[GIVEN RECORDS Boundary: Start]
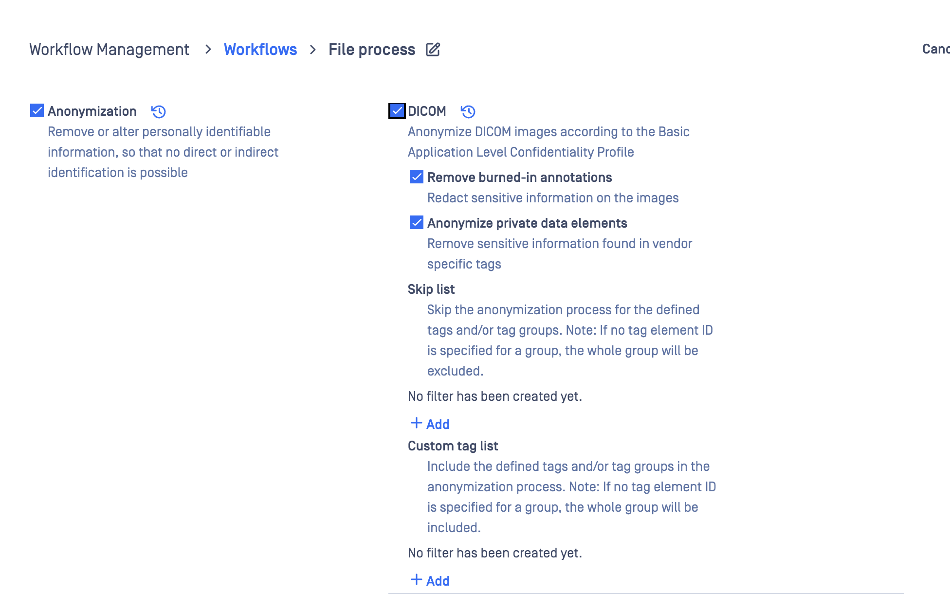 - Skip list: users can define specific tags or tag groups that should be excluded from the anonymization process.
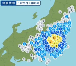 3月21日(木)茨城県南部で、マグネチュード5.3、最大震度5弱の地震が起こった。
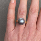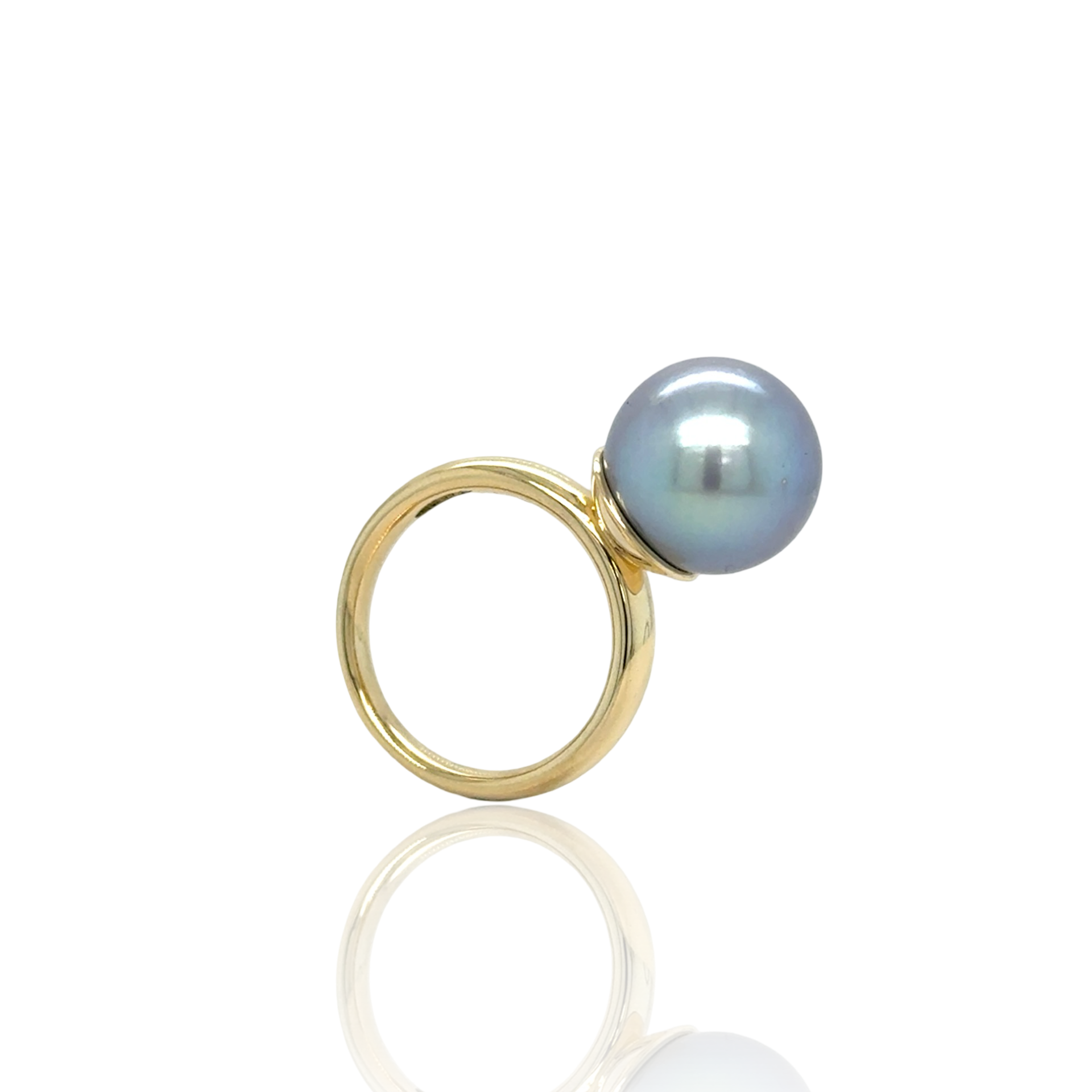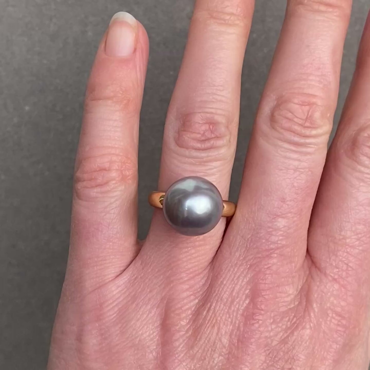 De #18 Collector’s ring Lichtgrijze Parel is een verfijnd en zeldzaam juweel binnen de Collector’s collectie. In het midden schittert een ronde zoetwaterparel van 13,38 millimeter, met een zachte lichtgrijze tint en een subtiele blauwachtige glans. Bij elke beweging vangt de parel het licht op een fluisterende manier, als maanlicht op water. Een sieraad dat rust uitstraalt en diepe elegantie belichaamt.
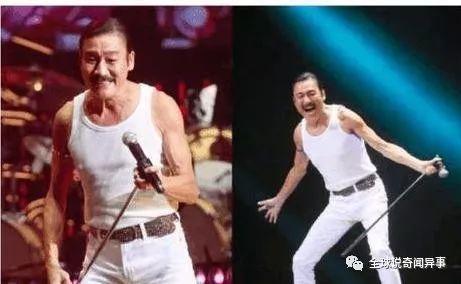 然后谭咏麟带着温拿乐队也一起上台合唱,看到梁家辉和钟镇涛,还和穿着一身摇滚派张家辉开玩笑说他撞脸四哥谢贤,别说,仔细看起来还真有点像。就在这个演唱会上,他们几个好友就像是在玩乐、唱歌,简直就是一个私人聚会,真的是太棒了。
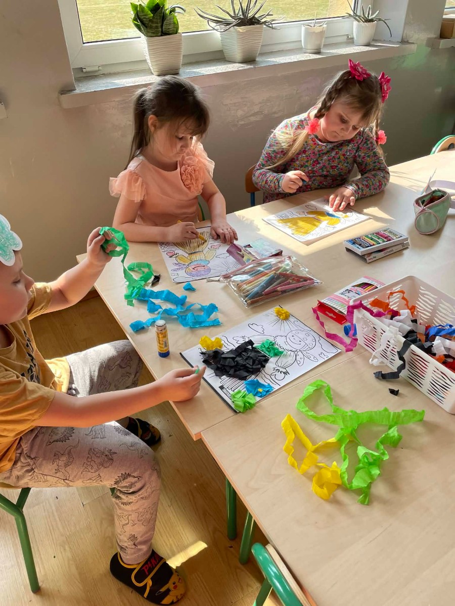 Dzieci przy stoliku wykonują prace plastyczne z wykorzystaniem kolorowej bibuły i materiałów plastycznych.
[GIVEN RECORDS Boundary: End]
→ **ASSIGNMENT**:
What's needed is every record restated exactly, pictures excluded.

→ **ANSWER BOX**:
 - Skip list: users can define specific tags or tag groups that should be excluded from the anonymization process.
 3月21日(木)茨城県南部で、マグネチュード5.3、最大震度5弱の地震が起こった。
 De #18 Collector’s ring Lichtgrijze Parel is een verfijnd en zeldzaam juweel binnen de Collector’s collectie. In het midden schittert een ronde zoetwaterparel van 13,38 millimeter, met een zachte lichtgrijze tint en een subtiele blauwachtige glans. Bij elke beweging vangt de parel het licht op een fluisterende manier, als maanlicht op water. Een sieraad dat rust uitstraalt en diepe elegantie belichaamt.
 然后谭咏麟带着温拿乐队也一起上台合唱,看到梁家辉和钟镇涛,还和穿着一身摇滚派张家辉开玩笑说他撞脸四哥谢贤,别说,仔细看起来还真有点像。就在这个演唱会上,他们几个好友就像是在玩乐、唱歌,简直就是一个私人聚会,真的是太棒了。
 Dzieci przy stoliku wykonują prace plastyczne z wykorzystaniem kolorowej bibuły i materiałów plastycznych.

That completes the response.